### Why do this problem?

This problem has several different solutions. The problem can be solved using an experimental / trial and error approach but some consideration of the structure can lead to more efficient solution techniques. There will be no need for students to feel 'stuck' on this problem: they will always be able to experiment with new combinations.

### Possible approach

This printable worksheet may be useful: Consecutive Seven

Students could all write down the numbers $0$ to $20$. One student could be asked to select a first triple and everyone writes that down. All students search for a second triple, whose sum is one more than the first's sum. One such triple is chosen, and everyone writes it down and starts to search for the next - until the task of finding triples whose sums are consecutive is fully understood by the group, at which point, they can work alone or in pairs to find a solution.

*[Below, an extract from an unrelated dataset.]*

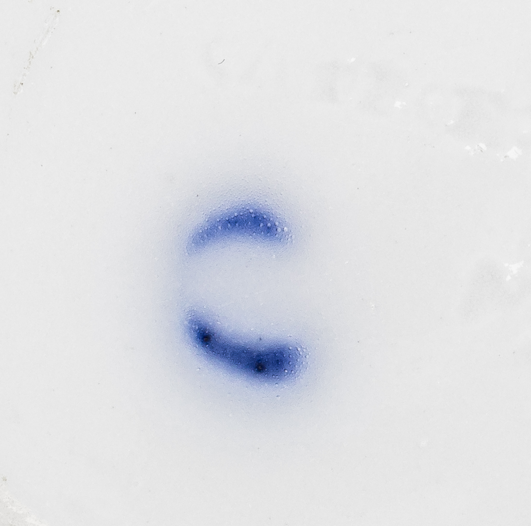 Марки: на чашке и блюдце 1) «С» кобальтом подглазурно;

With the whole group, ask students to describe what problems occur and how they are dealing with them. Ask them to share any observations, or inspirations they have had. Check that the points in the key questions have been covered in the students comments.

Students who wish to continue to work experimentally could be encouraged to devise a clear recording system for the combinations they are trying. For example, starting with the 20 and 19, what are the possibilities for the other two cards. Students who want to work analytically may choose to use algebra to determine the smallest consecutive number.

### Key questions

• Why have you run out of possibilities? Can you change anything to avoid that problem?
• What are the biggest and smallest sums we could get from a triple?
• Can you work out what the sevenconsecutive numbers will have to add up to?
• Can you select your triples in a logical/symmetrical way?

### Possible extension

• How many different solutions do you think that there might be? Can you work out how many might be possible?
• If the numbers $0$ to $20$ were changed to different sets of $20$ numbers, would solutions still be possible? (specifically designed sets e.g. $\{10, 11, .., 30\}$ or $\{1000, 1001, ...1020\}$ or $\{0, n, 2n, 3n, 4n, ..., 20n\}$, or totally random sets)

### Possible support

It might be helpful to provide students with cards labelled $0$ to $20$ to allow them to make their arrangements. You could also provide calculators so that students can focus on the structure of the problem, rather than getting stuck with the additions.

Alternative questions include:
Can you find seven pairs of numbers which add up to consecutive numbers?
Can you find seven sets of three cards which add up to the SAME number?
Students could write such questions for each other, working in pairs to ensure that these are phrased as accurately as possible.